You don't have a problem calculating your tax. You have a problem calculating your income.
( 1 ) - You have to look at your chances of an audit.
( 2 ) - You have to look at your chances of getting in trouble if you are audited.
I am operating on the premise that if I make $1-50k trading stocks and options
and I lump groups of options together that are pretty close in date and are identical
in underlying stock
and have the same tax classification ( short or long term )
then I'm going to do it and worry about getting audited for my tiny little gain later.
OTOH, if I make six-figures doing this, then I'm going to just hire someone to
write all that crap out for me and give the IRS a jillion pages of Schedule D stuff.
If I paid
exactly what I was owed, then there isn't much they are going to do to me.
Others may have had an experience that makes my thinking completely
wrong, but until I hear differently, I'm going to lump my stuff.
Note that it would be relatively trivial to create an excel spreadsheet that would
automatically create a Schedule D form from an easy-to-compile data sheet.

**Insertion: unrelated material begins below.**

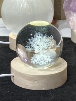 arbre de vie gravé à l'intérieur d'une boule en verre agrémenté d'une lampe led pour le mettre en valeur, jolie petite lampe d'ambiance.

It's too bad that the IRS and the broker can't just get together to report all the
short-term gains on a 1099 that would have one number on it that you could just
input into the schedule D. What do they need all that detail for anyway?
It would not possibly come up unless there was an audit. In the audit,
the taxpayer would be bringing all that stuff to the table anyway since
they would have to defend the numbers with brokerage statements, etc.